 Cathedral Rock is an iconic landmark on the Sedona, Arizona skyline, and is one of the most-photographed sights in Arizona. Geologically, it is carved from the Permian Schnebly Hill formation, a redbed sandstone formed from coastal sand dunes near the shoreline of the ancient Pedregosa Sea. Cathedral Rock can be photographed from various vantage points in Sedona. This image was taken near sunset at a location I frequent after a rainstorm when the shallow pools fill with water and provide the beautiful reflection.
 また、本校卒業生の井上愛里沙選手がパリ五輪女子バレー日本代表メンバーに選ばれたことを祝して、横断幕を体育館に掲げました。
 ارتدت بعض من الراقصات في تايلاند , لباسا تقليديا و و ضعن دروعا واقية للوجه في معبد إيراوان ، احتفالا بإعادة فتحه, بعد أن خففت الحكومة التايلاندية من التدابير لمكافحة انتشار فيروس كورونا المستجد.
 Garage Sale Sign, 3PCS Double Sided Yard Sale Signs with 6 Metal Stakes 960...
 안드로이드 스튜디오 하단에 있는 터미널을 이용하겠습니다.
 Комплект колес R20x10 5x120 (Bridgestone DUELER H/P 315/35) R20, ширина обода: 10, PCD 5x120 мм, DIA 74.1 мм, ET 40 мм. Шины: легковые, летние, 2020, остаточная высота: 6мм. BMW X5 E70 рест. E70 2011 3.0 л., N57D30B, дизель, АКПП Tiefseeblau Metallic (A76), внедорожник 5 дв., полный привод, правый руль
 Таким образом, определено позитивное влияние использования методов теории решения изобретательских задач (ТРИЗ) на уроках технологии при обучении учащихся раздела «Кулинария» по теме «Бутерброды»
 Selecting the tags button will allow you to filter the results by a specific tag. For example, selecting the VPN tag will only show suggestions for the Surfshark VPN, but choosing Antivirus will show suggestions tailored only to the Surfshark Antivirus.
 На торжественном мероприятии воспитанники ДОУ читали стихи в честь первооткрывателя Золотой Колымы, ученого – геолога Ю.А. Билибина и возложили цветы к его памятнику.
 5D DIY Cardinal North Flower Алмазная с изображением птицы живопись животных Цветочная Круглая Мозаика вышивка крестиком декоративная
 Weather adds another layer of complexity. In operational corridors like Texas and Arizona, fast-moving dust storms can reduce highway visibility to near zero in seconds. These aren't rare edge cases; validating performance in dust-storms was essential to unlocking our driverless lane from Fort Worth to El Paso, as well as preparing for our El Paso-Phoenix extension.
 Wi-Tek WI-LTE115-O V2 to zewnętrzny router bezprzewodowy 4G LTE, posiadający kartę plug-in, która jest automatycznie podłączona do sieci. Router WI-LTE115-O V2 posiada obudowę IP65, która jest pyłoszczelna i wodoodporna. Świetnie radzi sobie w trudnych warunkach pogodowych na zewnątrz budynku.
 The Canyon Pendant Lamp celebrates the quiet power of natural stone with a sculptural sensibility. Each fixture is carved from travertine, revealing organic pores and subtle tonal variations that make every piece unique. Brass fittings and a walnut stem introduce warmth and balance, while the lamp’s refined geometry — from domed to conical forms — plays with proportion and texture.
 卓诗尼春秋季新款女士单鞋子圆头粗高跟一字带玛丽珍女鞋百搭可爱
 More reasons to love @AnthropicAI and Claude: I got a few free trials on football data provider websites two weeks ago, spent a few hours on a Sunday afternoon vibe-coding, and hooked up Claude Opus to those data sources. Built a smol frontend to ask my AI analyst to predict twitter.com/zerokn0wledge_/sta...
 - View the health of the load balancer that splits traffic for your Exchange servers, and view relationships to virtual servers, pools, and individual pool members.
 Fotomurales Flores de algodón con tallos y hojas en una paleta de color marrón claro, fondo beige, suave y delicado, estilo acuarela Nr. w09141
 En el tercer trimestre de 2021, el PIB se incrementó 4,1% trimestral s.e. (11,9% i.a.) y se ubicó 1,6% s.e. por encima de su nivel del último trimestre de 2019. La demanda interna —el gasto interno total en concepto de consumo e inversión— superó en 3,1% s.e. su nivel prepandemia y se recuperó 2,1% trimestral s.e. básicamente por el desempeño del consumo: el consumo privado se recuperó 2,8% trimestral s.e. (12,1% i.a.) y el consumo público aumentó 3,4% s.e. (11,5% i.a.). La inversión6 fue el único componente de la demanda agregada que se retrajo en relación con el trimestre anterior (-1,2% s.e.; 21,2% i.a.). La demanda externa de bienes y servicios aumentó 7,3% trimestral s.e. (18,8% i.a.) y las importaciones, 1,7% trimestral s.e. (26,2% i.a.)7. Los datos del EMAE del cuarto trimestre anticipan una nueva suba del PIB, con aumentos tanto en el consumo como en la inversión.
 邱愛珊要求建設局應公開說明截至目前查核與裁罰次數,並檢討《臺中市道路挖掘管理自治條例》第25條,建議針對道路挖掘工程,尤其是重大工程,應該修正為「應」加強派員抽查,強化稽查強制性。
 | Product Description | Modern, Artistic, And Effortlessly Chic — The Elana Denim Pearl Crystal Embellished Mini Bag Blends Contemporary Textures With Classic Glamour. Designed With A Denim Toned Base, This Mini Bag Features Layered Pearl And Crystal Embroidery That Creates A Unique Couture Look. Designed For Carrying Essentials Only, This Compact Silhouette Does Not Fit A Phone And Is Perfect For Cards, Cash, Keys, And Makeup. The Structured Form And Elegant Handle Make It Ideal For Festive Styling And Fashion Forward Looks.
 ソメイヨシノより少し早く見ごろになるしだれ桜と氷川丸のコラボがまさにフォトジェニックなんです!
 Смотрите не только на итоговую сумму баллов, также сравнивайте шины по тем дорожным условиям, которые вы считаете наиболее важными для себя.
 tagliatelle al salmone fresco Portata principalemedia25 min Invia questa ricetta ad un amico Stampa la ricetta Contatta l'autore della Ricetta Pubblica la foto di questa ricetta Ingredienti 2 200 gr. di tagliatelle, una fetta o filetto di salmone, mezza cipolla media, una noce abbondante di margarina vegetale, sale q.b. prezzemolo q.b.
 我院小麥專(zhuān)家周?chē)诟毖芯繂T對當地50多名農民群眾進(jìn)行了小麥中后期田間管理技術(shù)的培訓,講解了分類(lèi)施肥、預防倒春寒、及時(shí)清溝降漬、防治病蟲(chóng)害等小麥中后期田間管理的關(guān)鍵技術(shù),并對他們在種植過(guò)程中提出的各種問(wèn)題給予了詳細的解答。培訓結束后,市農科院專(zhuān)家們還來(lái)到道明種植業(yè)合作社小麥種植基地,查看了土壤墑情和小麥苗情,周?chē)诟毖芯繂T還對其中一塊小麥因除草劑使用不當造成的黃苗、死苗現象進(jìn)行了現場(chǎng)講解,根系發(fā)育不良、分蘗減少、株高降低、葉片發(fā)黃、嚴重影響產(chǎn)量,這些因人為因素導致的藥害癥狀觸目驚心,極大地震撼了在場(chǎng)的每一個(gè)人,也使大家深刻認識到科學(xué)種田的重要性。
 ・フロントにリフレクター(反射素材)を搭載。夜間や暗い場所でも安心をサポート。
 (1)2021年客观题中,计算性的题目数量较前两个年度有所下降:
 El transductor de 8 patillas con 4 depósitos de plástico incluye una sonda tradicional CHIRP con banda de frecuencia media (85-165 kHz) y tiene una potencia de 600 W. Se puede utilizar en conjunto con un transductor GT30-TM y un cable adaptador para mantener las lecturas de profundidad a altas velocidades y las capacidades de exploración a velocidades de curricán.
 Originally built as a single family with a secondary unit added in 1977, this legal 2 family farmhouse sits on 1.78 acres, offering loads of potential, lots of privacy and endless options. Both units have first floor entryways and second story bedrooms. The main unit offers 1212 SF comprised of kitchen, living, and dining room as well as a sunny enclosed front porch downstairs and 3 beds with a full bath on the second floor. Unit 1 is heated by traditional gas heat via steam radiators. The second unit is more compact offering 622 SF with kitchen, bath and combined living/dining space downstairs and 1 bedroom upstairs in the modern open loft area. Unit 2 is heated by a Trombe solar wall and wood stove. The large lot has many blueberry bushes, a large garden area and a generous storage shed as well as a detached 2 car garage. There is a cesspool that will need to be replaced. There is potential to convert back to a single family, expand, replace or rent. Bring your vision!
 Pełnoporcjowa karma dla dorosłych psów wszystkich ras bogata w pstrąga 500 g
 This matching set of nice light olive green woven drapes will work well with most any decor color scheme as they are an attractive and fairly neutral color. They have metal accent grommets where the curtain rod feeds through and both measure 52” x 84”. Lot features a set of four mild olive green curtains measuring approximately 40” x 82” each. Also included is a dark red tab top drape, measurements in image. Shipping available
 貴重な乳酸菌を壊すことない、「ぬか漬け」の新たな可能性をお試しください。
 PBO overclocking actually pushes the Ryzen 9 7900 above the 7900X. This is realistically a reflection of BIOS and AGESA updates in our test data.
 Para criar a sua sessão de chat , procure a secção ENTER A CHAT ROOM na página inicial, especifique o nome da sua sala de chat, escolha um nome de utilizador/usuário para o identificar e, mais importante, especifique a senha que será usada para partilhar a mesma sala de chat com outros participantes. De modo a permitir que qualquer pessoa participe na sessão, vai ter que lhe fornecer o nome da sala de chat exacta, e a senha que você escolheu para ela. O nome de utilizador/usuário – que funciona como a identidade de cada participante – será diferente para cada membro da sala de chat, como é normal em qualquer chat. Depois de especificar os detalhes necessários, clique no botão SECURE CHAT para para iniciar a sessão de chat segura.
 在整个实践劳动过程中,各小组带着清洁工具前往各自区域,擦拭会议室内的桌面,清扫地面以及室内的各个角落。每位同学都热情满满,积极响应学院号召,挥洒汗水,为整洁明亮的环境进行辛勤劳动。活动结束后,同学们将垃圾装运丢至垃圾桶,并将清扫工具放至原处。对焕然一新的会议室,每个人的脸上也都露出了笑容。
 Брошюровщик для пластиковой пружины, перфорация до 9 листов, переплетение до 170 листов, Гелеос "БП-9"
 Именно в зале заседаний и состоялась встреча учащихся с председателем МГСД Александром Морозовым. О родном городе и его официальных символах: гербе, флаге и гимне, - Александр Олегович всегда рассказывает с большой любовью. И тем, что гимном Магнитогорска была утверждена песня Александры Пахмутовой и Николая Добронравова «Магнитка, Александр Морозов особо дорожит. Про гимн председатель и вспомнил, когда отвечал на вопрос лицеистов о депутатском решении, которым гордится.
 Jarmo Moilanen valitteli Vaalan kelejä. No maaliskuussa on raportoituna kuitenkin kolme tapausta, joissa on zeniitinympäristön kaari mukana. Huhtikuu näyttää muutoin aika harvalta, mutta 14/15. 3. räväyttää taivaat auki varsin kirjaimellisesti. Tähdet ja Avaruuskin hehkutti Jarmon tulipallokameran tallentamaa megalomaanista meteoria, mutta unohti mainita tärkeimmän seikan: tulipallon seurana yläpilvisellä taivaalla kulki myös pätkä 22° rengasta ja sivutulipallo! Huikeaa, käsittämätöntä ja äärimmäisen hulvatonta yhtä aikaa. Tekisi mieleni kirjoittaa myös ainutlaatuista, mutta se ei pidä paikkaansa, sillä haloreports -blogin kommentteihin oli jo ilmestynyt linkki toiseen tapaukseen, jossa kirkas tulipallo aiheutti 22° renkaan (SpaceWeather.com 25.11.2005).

◇ ◇ ◇ ◇ ◇

● Work order
Look above for the line with "在整个实践劳动过程中,各小组" and the line with "Именно в зале". Write out those two lines and all the lines between them, exactly, and no others.

● Response area
 在整个实践劳动过程中,各小组带着清洁工具前往各自区域,擦拭会议室内的桌面,清扫地面以及室内的各个角落。每位同学都热情满满,积极响应学院号召,挥洒汗水,为整洁明亮的环境进行辛勤劳动。活动结束后,同学们将垃圾装运丢至垃圾桶,并将清扫工具放至原处。对焕然一新的会议室,每个人的脸上也都露出了笑容。
 Брошюровщик для пластиковой пружины, перфорация до 9 листов, переплетение до 170 листов, Гелеос "БП-9"
 Именно в зале заседаний и состоялась встреча учащихся с председателем МГСД Александром Морозовым. О родном городе и его официальных символах: гербе, флаге и гимне, - Александр Олегович всегда рассказывает с большой любовью. И тем, что гимном Магнитогорска была утверждена песня Александры Пахмутовой и Николая Добронравова «Магнитка, Александр Морозов особо дорожит. Про гимн председатель и вспомнил, когда отвечал на вопрос лицеистов о депутатском решении, которым гордится.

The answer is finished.